Why we want to make this dataset?

The motivation behind the creation of this dataset stems from our experiences with anomaly detection models deployed in industry projects. Often, we rely on open-source computer vision models that claim robustness and performance based on extensive testing and verification against large datasets and benchmarks, as mentioned in their research papers.

However, in real-world deployment, we frequently encounter unexpected scenarios where these models exhibit issues. These issues could range from model failures when confronted with backgrounds exhibiting overexposure due to intense lighting to cases where the model erroneously detects objects that are unrelated to the primary target in the background. These practical challenges highlight a disconnect between the expected model performance and its actual behavior in real-world scenarios.

The core problem lies in the absence of suitable datasets that address this specific challenge. While numerous open datasets are available for various tasks, there is a noticeable gap when it comes to evaluating model robustness against background variations. In practice, what truly matters is not just the ability of the model to detect objects under ideal conditions but also its resilience to variations in the background while maintaining accurate object recognition. This aspect of within-class robustness becomes particularly crucial in real production-level applications.

Our primary objective in creating this dataset is to bridge the gap between the academic and industrial worlds. We aim to provide a valuable benchmark that aligns more closely with real-world scenarios encountered in industrial applications. By offering a dataset where the target object remains consistent while the background introduces noise or undergoes alterations, we enable researchers and practitioners to evaluate and enhance the true robustness of their models in context.

In essence, this dataset serves as a critical tool to help the industry and academia collaborate effectively, ensuring that computer vision models are not only accurate in controlled settings but also capable of withstanding the complexities and uncertainties of real-world environments.

What tool we used in order to generate those image?

We employed a combination of tools and methodologies to generate the images in this dataset, ensuring both efficiency and quality in the annotation and synthesis processes.

1. IoG Net: Initially, we utilized the IoG Net, which played a foundational role in our image generation pipeline.

2. Polygon Faster Labeling Tool: To facilitate the annotation process, we developed a custom Polygon Faster Labeling Tool, streamlining the labeling of objects within the images.

3. AnyLabeling Open-source Project: We also experimented with the AnyLabeling open-source project, exploring its potential for our annotation needs.

4. V7 Lab Tool: Eventually, we found that the V7 Lab Tool provided the most efficient labeling speed and delivered high-quality annotations. As a result, we standardized the annotation process using this tool.
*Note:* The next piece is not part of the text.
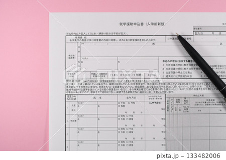 就学援助申込書とペン
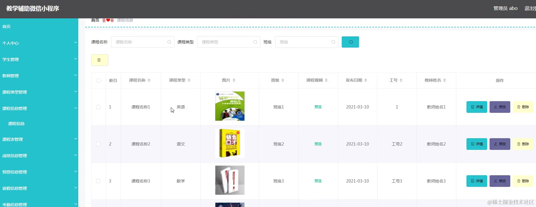 课程信息管理,管理员在课程信息查看课程名称、课程类型、图片、班级、课程视频、发布日期、工号、教师姓名等进行详情、修改、删除操作如图5-20所示。

5. Data Augmentation: For the synthesis of synthetic images, we relied on a combination of deep learning frameworks, including scikit-learn and OpenCV. These tools allowed us to augment and manipulate images effectively to create a diverse range of backgrounds and variations.

6. GenAI: Our dataset includes images generated using the Stable Diffusion XL model, along with versions 1.5 and 2.0 of the Stable Diffusion model. These generative models played a pivotal role in crafting realistic and varied backgrounds.

For a detailed breakdown of our prompt engineering and hyperparameters, we invite you to consult our upcoming paper. This publication will provide comprehensive insights into our methodologies, enabling a deeper understanding of the image generation process.

What value does this dataset can bring to the ML, the Explainable AI community?

After participating in this nearly 9 hours workshop at NeurIPS2022 Synthetic Data Workshop, there are a few questions still firmly stuck in my mind!

During the Fairness Panel discussion moderated by Kim Branson from GSK UK, Prof. Mihaela van der Schaar raised a question: “do you see there is any publicly well-known benchmark that focuses on Synthetic data fairness topics, I mean, not only limited to Synthetic data… overall Fairness benchmark dataset.”

This dataset is a valuable addition to the Explainable AI (XAI) community. It addresses the scarcity of datasets tailored for XAI research by offering a meticulously curated creation of nearly 100,000 images. These images feature both synthetic GenAI backgrounds and real-world backgrounds, enabling researchers to explore model robustness in the face of background variations.

Key contributions of this dataset include:

1. Robustness Evaluation: It allows for in-depth analysis of model robustness, particularly in inter-class scenarios.

2. Comparative Analysis: Researchers can compare the performance of models trained on synthetic GenAI backgrounds with those trained on real-world backgrounds.

3. AI-Generated Backgrounds: The dataset offers insights into AI-generated backgrounds and their impact on object recognition.